Projecting the entire document 🔗

In this example we’re adding the entire document into the index:

function(doc) {
  if (doc.status === 'complete') {
    emit(doc.timestamp, doc)
  }
}

This technique is suitable for small documents (< a few KB).

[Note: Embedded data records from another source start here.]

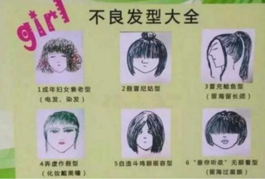 標準髮型也有規定,非標準也有具體的規定,男生女生喜歡的髮型都屬於不良髮型,如下圖所示,男生流行的錫紙燙、鯔魚頭、飛機頭、日漫頭都是不良髮型。
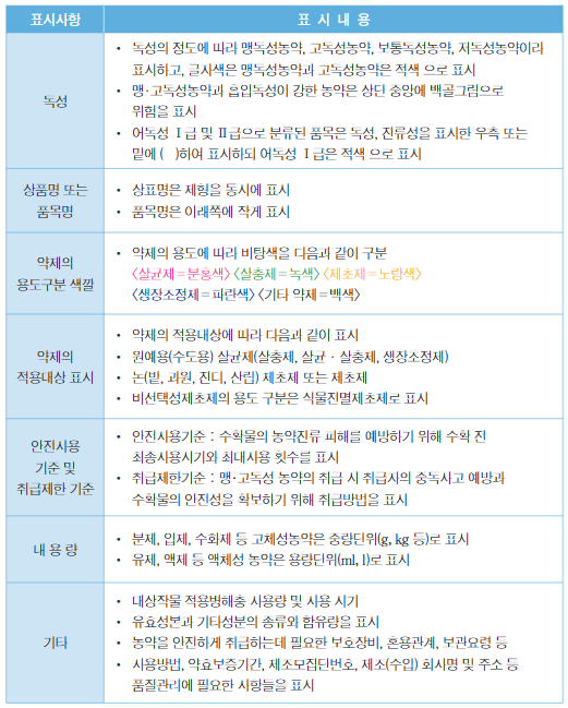 - 유효성분, 독성, 적용 작물, 대상 병충에 또는 잡초, 사용 농도, 사용량, 사용시기 및 화수와 주의사항
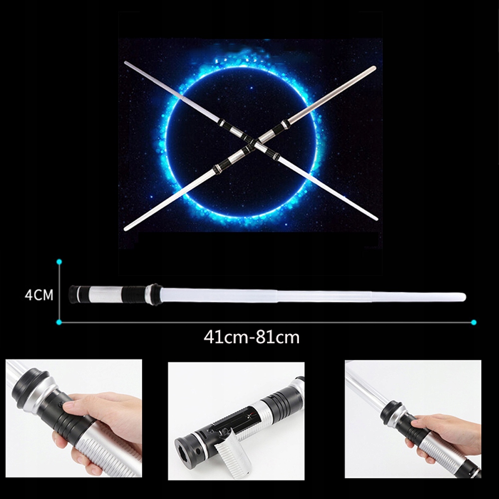 ⚔️⚔️ ⚔️【Розсувний лазерний меч】Світловий меч можна використовувати як два окремих світлові мечі або як один довший світловий меч. Довжина одиничного скорочення становить 41 см, довжина розтягнутого 81 см, загальна довжина 162 см. Оснащений легкими для захоплення ручками та змінною довжиною, він забезпечить вам і вашим дітям розваги та різноманітні враження, які ви бажаєте, додаючи веселості дитинства.
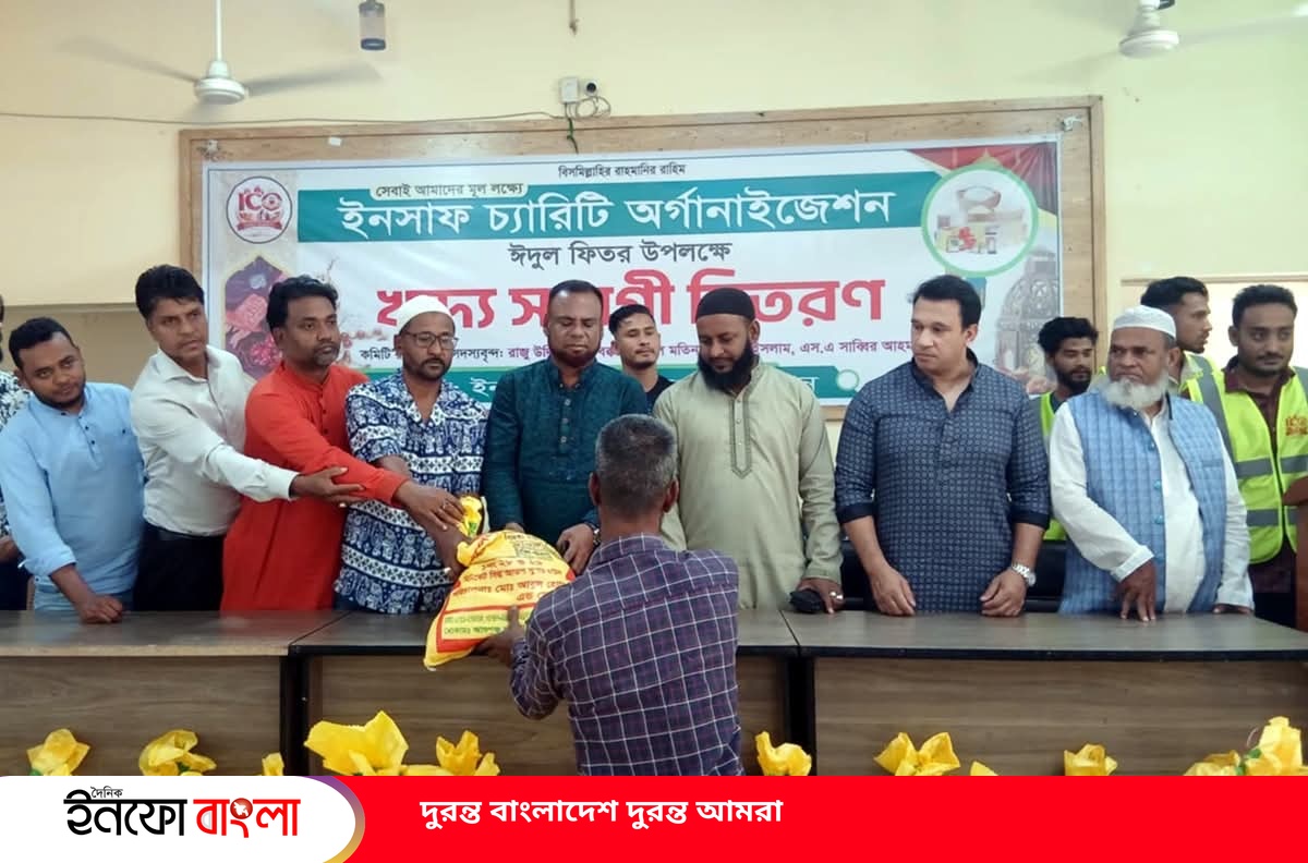 ইনসাফ চ্যারিটি অর্গানাইজেশনের কার্যকরী কমিটির সদস্য রাজু উদ্দিন, আবু বক্কর, আব্দুল মতিন, নাজমুল ইসলাম, এস এ সাব্বিরের উদ্যোগে এবং প্রবাসী ও ব্যবসায়ীদের সার্বিক সহযোগিতায় ১২০টি পরিবারের মধ্যে ওই খাদ্যসামগ্রী বিতরণ করা হয়। বিতরণকৃত খাদ্যসামগ্রীর মধ্যে ছিল চাল, ডাল, পিয়াজ, আলু, সেমাই, চিনি ও দুধ।

To be more optimal, we needn’t put the document _id/_rev pair into the index as they are already part of the response so this code is better:

function(doc) {
  if (doc.status === 'complete') {
    delete doc._id
    emit(doc.timestamp, doc)
  }
}

Example response:

{"total_rows":23169,"offset":0,"rows":[
{"id":"K7N2T4IR5JMJGJ8F","key":"2020-04-01T00:12:37.887Z","value":{"_id":"K7N2T4IR5JMJGJ8F","_rev":"1-c2ea27ee82feb91ba80708c5e8f83d29","status":"complete","timestamp":"2020-04-01T00:12:37.887Z","price":72.23,"buyer":"Dorathy Xiong","email":"dorathy.xiong51243@hotmail.com","address":"4574 Aston Street , Glossop, Shropshire, PL7 6VI","delivery":"failed"}},
{"id":"ZYAMEN3Y56M6PLGG","key":"2020-04-01T00:25:45.818Z","value":{"_id":"ZYAMEN3Y56M6PLGG","_rev":"1-b215e5e7335d7ad8cac4e33073598c02","status":"complete","timestamp":"2020-04-01T00:25:45.818Z","price":75.3,"buyer":"Yajaira Gary","email":"yajaira_gary@yahoo.com","address":"2784 Meal Lane , New Alresford, Montgomeryshire, GL9 0DR","delivery":"failed"}},
{"id":"TUVG1CHYQ5EF5T6D","key":"2020-04-01T00:56:50.297Z","value":{"_id":"TUVG1CHYQ5EF5T6D","_rev":"1-00f9d105a31b3c86657f797f9eeb5b1b","status":"complete","timestamp":"2020-04-01T00:56:50.297Z","price":36.51,"buyer":"Kandi Bolduc","email":"kandi9@meetup.com","address":"4712 Burstead Road , Knottingley, Durham, SO35 6MK","delivery":"failed"}},
{"id":"GFY67VNMC0J8AQBX","key":"2020-04-01T01:32:31.487Z","value":{"_id":"GFY67VNMC0J8AQBX","_rev":"1-989788f7d9e2cb881c92c44cdc765eed","status":"complete","timestamp":"2020-04-01T01:32:31.487Z","price":28.08,"buyer":"Santina Leal","email":"santina_leal3384@gmail.com","address":"6443 Ashlands Street , Eccles, Essex, KY8 9JC","delivery":"delivered"}},
{"id":"S7VZS7A31GV1QS96","key":"2020-04-01T01:55:19.592Z","value":{"_id":"S7VZS7A31GV1QS96","_rev":"1-ea8cf28f1e5c9af038d4120753c513ee","status":"complete","timestamp":"2020-04-01T01:55:19.592Z","price":8.99,"buyer":"Thomas Abreu","email":"thomas.abreu@duo.com","address":"3250 Turfland Road , Kidsgrove, Radnorshire, EC8 5MQ","delivery":"delivered"}}
]}

Projecting only the data that is needed 🔗

Even better than lazily emitting the entire document into the index’s value is to only emit the key/value pairs that your application needs. e.g.

function(doc) {
  if (doc.status === 'complete') {
    var obj = {
      p: doc.price,
      b: doc.buyer,
      e: doc.email,
      d: doc.delivery
    }
    emit(doc.timestamp, obj)
  }
}

Example response:

{"total_rows":23169,"offset":0,"rows":[
{"id":"K7N2T4IR5JMJGJ8F","key":"2020-04-01T00:12:37.887Z","value":{"p":72.23,"b":"Dorathy Xiong","e":"dorathy.xiong51243@hotmail.com","d":"failed"}},
{"id":"ZYAMEN3Y56M6PLGG","key":"2020-04-01T00:25:45.818Z","value":{"p":75.3,"b":"Yajaira Gary","e":"yajaira_gary@yahoo.com","d":"failed"}},
{"id":"TUVG1CHYQ5EF5T6D","key":"2020-04-01T00:56:50.297Z","value":{"p":36.51,"b":"Kandi Bolduc","e":"kandi9@meetup.com","d":"failed"}},
{"id":"GFY67VNMC0J8AQBX","key":"2020-04-01T01:32:31.487Z","value":{"p":28.08,"b":"Santina Leal","e":"santina_leal3384@gmail.com","d":"delivered"}},
{"id":"S7VZS7A31GV1QS96","key":"2020-04-01T01:55:19.592Z","value":{"p":8.99,"b":"Thomas Abreu","e":"thomas.abreu@duo.com","d":"delivered"}}
]}

Conclusion 🔗

Projection of small objects into a MapReduce index’s value is the recipe for the fastest performance for boilerplate queries. It is faster and cheaper to execute than a view with ?include_docs=true at the expense of a slightly larger index size.